**Exercise description**:
Exclude the pictures. Transcribe exactly, and only, the lines from the one holding "The outfit includes" to the end of the material below.

**Material provided**:
○ ○ ○ ○ ○ ○ ○

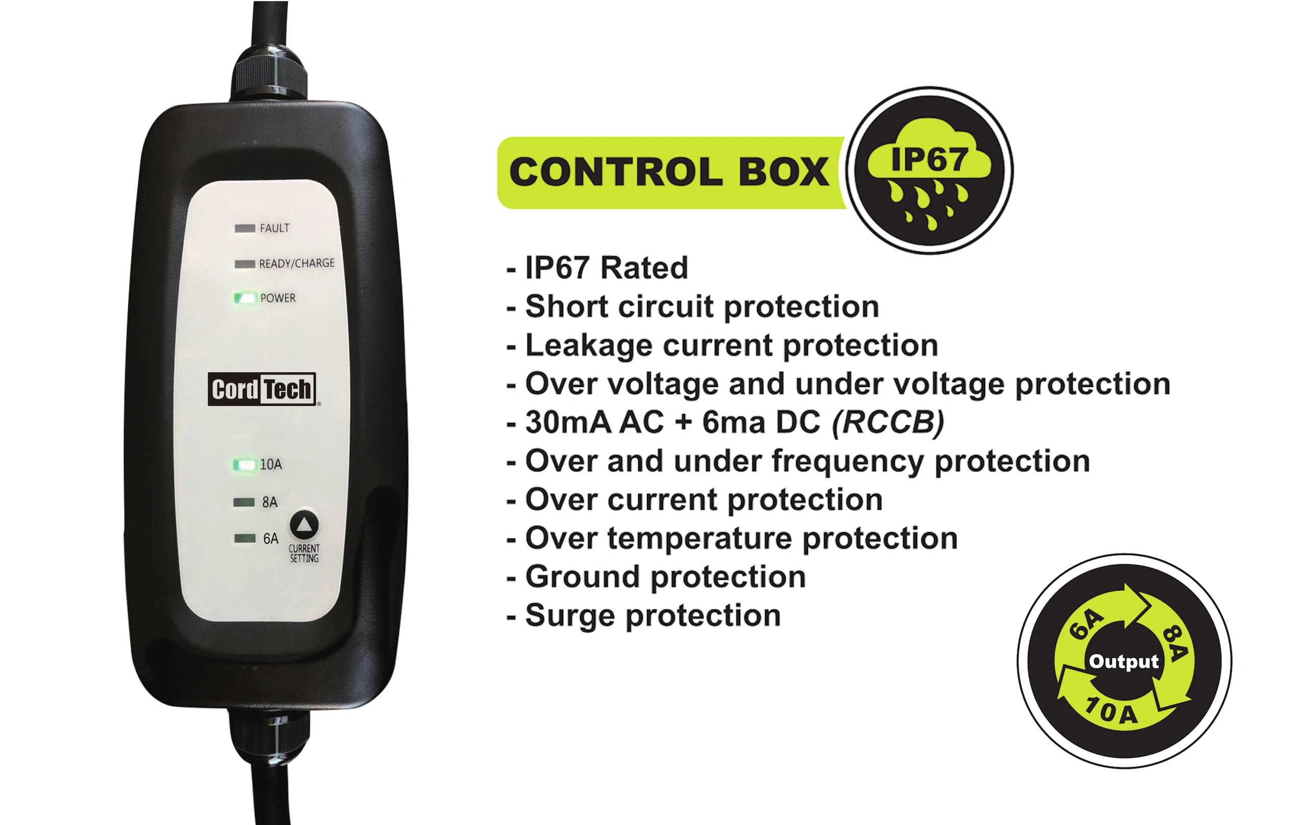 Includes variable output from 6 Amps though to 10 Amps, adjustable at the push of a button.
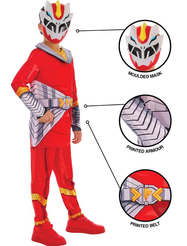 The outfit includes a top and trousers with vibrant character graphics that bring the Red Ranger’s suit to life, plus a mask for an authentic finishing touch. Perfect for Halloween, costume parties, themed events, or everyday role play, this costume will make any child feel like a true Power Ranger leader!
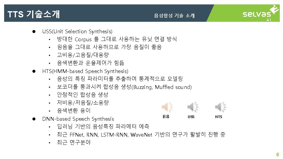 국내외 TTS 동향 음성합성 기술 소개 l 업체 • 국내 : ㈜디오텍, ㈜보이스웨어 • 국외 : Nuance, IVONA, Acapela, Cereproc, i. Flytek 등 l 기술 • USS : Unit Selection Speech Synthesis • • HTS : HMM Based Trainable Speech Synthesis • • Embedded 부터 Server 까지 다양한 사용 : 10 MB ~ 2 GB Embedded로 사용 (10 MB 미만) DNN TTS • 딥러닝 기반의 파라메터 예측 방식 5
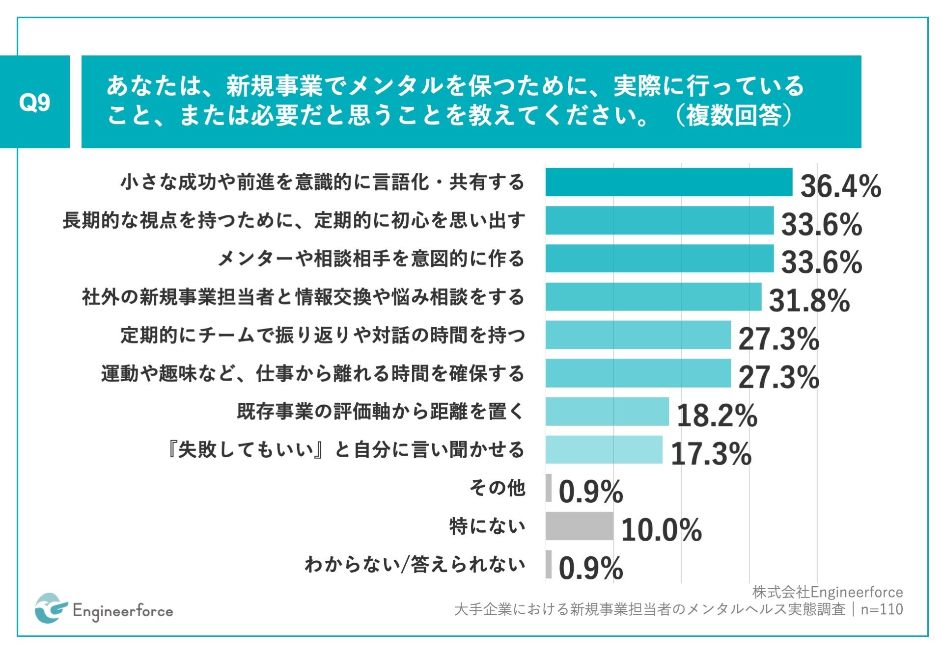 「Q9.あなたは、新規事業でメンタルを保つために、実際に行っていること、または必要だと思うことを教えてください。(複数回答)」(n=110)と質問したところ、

○ ○ ○ ○ ○ ○ ○

**Problem solution**:
 The outfit includes a top and trousers with vibrant character graphics that bring the Red Ranger’s suit to life, plus a mask for an authentic finishing touch. Perfect for Halloween, costume parties, themed events, or everyday role play, this costume will make any child feel like a true Power Ranger leader!
 국내외 TTS 동향 음성합성 기술 소개 l 업체 • 국내 : ㈜디오텍, ㈜보이스웨어 • 국외 : Nuance, IVONA, Acapela, Cereproc, i. Flytek 등 l 기술 • USS : Unit Selection Speech Synthesis • • HTS : HMM Based Trainable Speech Synthesis • • Embedded 부터 Server 까지 다양한 사용 : 10 MB ~ 2 GB Embedded로 사용 (10 MB 미만) DNN TTS • 딥러닝 기반의 파라메터 예측 방식 5
 「Q9.あなたは、新規事業でメンタルを保つために、実際に行っていること、または必要だと思うことを教えてください。(複数回答)」(n=110)と質問したところ、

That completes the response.